Biomarkers of Lung Injury With Low Tidal Volume Ventilation Compared With Airway Pressure Release Ventilation

Acute lung injury (ALI) and the acute respiratory distress syndrome (ARDS) represent a spectrum of clinical syndromes of rapid respiratory system deterioration that are associated with both pulmonary and systemic illness. These syndromes are associated with 30-40% mortality with our current standard of care and are responsible for approximately 75,000 deaths in the US yearly. The current evidence-based care consists of a strategy of mechanical ventilation utilizing low lung volumes (ARDSNet ventilation) intended to limit further lung injury from overstretch of the lung induced by the ventilator. However, this strategy has been shown to be associated with continued lung injury in some studies and still is associated with about a 30% mortality rate. Airway pressure release ventilation (APRV) is a different, nonexperimental strategy of mechanical ventilation currently in routine clinical use.
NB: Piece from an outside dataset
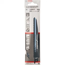 Bosch S930CF Sabre Saw Blade endurance for heavy metal (Pack of 5) P/No. 2 608 657 527. Thick sheet metal (4-12 mm), thick-walled, solid pipes and profiles (<100 mm). Ideal for pipe cutting device, for rescue/demolition work. Powerful, coarse cut.

APRV allows a patient a greater degree of autonomy in controlling his/her breathing while achieving a higher mean airway pressure (at similar plateau pressures) than that typically achieved with ARDSNet. APRV has been associated with less ventilator-associated pneumonia, better oxygenation, and less sedative usage in small studies when compared with other methods of ventilation. However, debate exists over net effects of APRV with regard to ventilator-associated lung injury. Additionally, we recently completed a study showing that APRV was associated with lower ventilator associated pneumonia (VAP) rates, but this benefit did not appear to be mediated by sedation differences. We hypothesized that the VAP benefits might be mediated by greater lung recruitment and possibly less ventilator-induced lung injury with APRV. We propose a randomized, crossover study looking at biomarkers of lung injury in patients with acute lung injury ventilated with APRV and ARDSNet. Our hypothesis is that airway pressure release ventilation is associated with lower levels of lung injury biomarkers than ARDSNet ventilation.